On a fresh FreeBSD 10 install results in a "No Packages matching 'kde4' available in the repositories" error despite that being the official method from the handbook:
http://www.freebsd.org/doc/handbook/x11-wm.html

This has been "broken" for a while now. Is there any word when we'll see this fixed?

-todd


----------



## kpa (Apr 10, 2014)

I can guess that one or more of the dependencies of the x11/kde4 metaport failed to build and that in turn caused the build of the metaport fail as well and that means no package built for it. The official PKG (it's no longer "Next Gen" by the way) packages are only built once a week at the moment so you'll have to probably wait till next wednesday or thursday for the next chance for a working package.


----------



## Durden (Apr 10, 2014)

Wow. Not exactly the news I was looking for. Thanks @kpa. Can't help but express my disappointment in that. Due to proxy issues at my company pkg is my only install method because ports are blocked. I'm dead in the water without those packages.

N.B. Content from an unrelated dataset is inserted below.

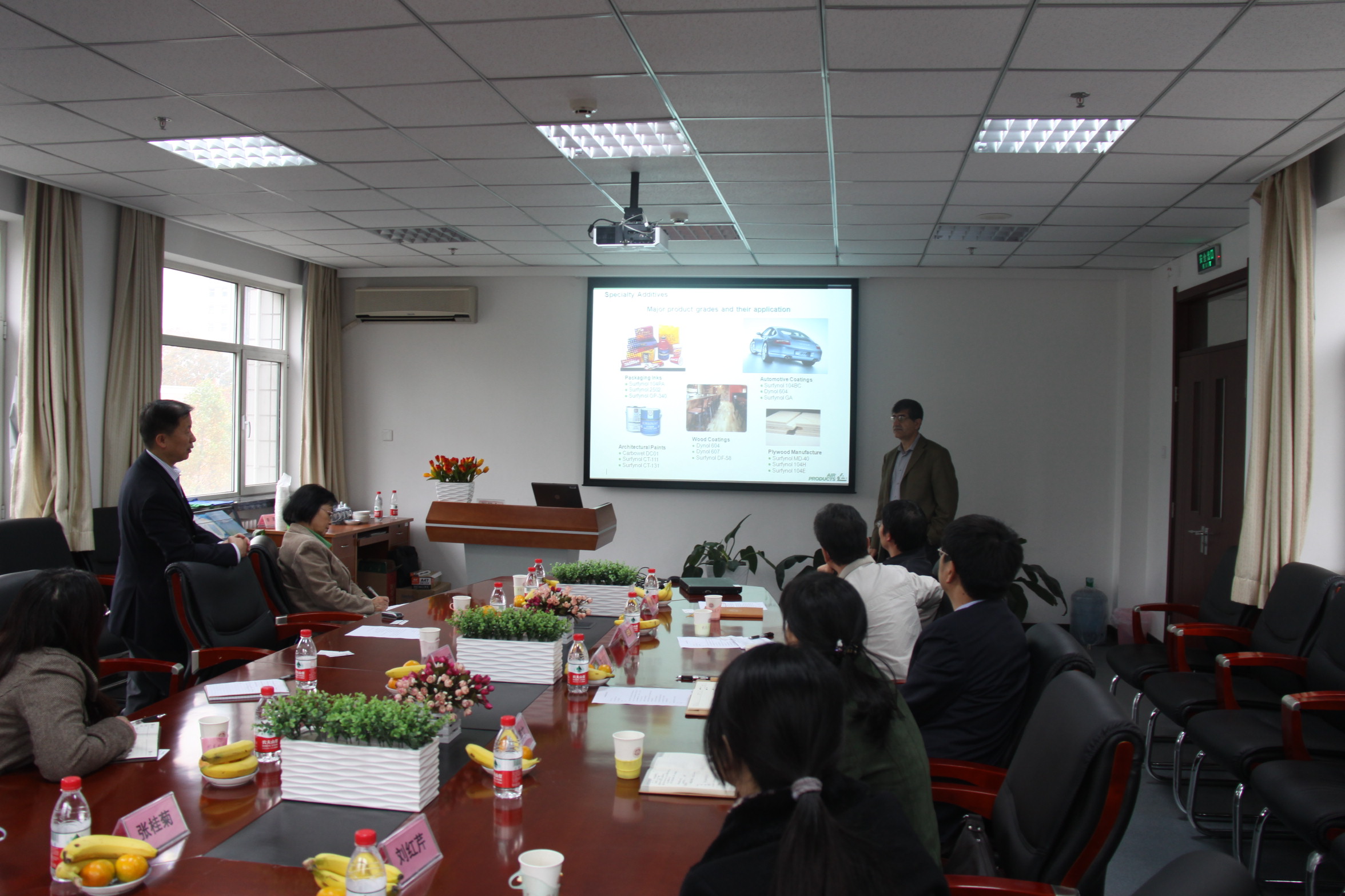 食品學(xué)院韓富博士簡(jiǎn)單匯報(bào)了與空氣化工公司的兩次項(xiàng)目合作,在項(xiàng)目總結(jié)基礎(chǔ)上提出對(duì)空氣化工公司產(chǎn)品進(jìn)入國(guó)內(nèi)市場(chǎng)的工作建議。

I even ran `make run-depends-list` in the port to try and install the packages without the meta port and none of the packages are available. Uhg.


----------



## kpa (Apr 10, 2014)

It is very dissappointing but as far as I know it's a matter of resources that are available for building the PKG packages. The older releases that default to the old package format are still supported and binary packages for them have to be available until at least Sept. 1 2014:

http://blogs.freebsdish.org/portmgr/2014/02/03/time-to-bid-farewell-to-the-old-pkg_-tools/

On top of that the ports tree is really a bleeding edge one. Any changes to it go live immediately and if there's an unforeseen problem the result is that some ports will fail to build. The ports are of course tested before commiting but that is often not enough to guarantee that a change in port doesn't break something else because of the large number of ports in tree and the complexity of the system.


----------



## pkubaj (Apr 10, 2014)

Packages for KDE aren't available due to KDE needing new Xorg, while the default is old. You can build from ports, change the PKG repo to release/0 or wait for PKG repo with new Xorg packages and KDE.


----------